The Conversations Network New Site is Up

We launched the new site for The Conversations Network on schedule today. Not without bugs, mind you, but now 12 hours post-launch, I think we’ve swatted the worst of them. Special thanks to David and Francis at Loomia, whose new recommendation engine we integrated as part of the process, Tim McNerney who’s aweseome work as our sysadmin saved endless hours by having great backups of everything, Dorothy Yamamoto for her beautiful graphics, and the rest of our Team for their testing and feedback. It was a soft launch, with no press releases or hype machine, but already a few thousand folks have found it and are exploring its nooks and crannies.

The reaction so far is about 97% favorable, mostly ethusiastically so. The other 3% aren’t happy about the new paid-membership model even though it’s not a tollgate to the content. More on that topic in the next few days, after I’ve had a chance to get some sleep. In the meantime, here’s a rundown of what you can expect on the new site.

  • Paid Membership. We closed the IT Conversations Tip Jar, which was being distributed every month to Team ITC, those 40-or-so volunteers who do all our post-production work in their spare time. As we looked at growing the network to 12 channels by the end of the year — IT Conversations will become just one of those channels — we realized we needed something more structured than a tip jar. Like U.S. public radio, membership will be one cornerstone of our revenues, the rest coming from grants, underwriters and commercial sponsors. But we’re serious about listener-supported audio on the web, and that means listener supported. We surveyed thousands of our listeners prior to this decision and learned a lot about how many people would be willing to pay and how much. Basic membership is US$50/year or US$5 per month. Student memberships are available for half those amounts. To ease the transition, and to allow our faithful listeners a chance to evaluate the benefits for themselves, we’ve given every previously registered member of the IT Conversations web site a free basic membership through March 31, 2006.
  • Personalization. The primary benefits of membership (other than knowing you’re supporting our vision) are all based on knowing who you are. Registered members can opt-in to a variety of features such as our newsletters, email ballots, etc.
  • Recommendations. With nearly a thousand progams in the catalog and more than that number coming in 2006, this is where Loomia comes in.

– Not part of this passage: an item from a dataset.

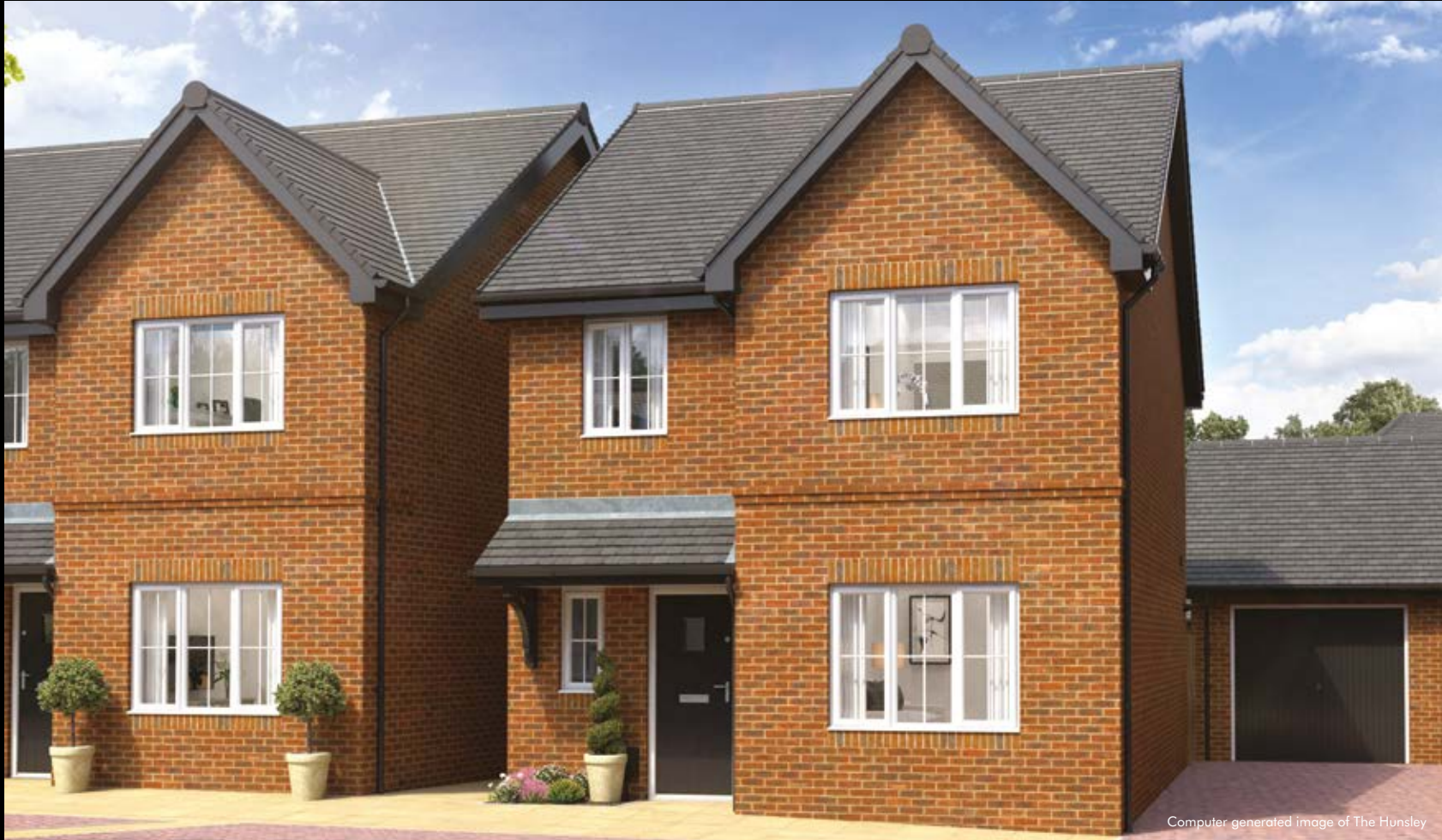
Computer generated image of The Hunsley

Our members can rate programs in a variety of ways, and those ratings are used both to provide so-called community ratings for all, as well as personalized recommendations using Loomia’s proprietary algorithms.
  • Forums. We’ve long wanted a place for our members to discuss our more thought-provoking programs. Two years ago I tried (unsuccessfully) with forum software. I think we just didn’t have enough listeners and the integration of the forum software was weak. This time the software and integration are better by far and we have many, many more listeners. Everyone can read the forums. Only registered members can post messages.
  • Personal Program Queues (PPQs). This feature was previously available on the IT Conversations web site, and we’ve preserved everyone’s queue contents for the port to The Conversations Network. This is the only case of charging for something that used to be free to all, but since we decided that personalization was the point at which the tollgate would be errected, PPQs become the one feature that shifted to the other side.
  • Infrastructure. This will only interests the geeks, but perhaps the greatest benefit of the new site is its architecture for the future. We’ve abstracted the identity issues, and created single sign-on for the main site (based loosely on WordPress), the forums (punBB) and the individual channel web sites, such as IT Conversations. All of the features such as recommendations, PPQs and forums, will operate across all of our channels and are entirely distributed. You’ll get recommendations from all channels, and a single PPQ can likewise be populated with programs from different sources on our network. Considering that each web site and the forums can live on different servers, this was no small feat, and I’m personally quite proud of the design. We’ve managed to put into place the building blocks on which we can now roll out a virtually unlimited number of channels on as many topics.

If you want to learn more, I suggest checking out our mission, our Recommendation/Queue system tutorial, the new IT Conversations forum, membership info, our Team (and information about our new apprenticeship program) and our FAQs. And of course, I look forward to your feedback and continued support.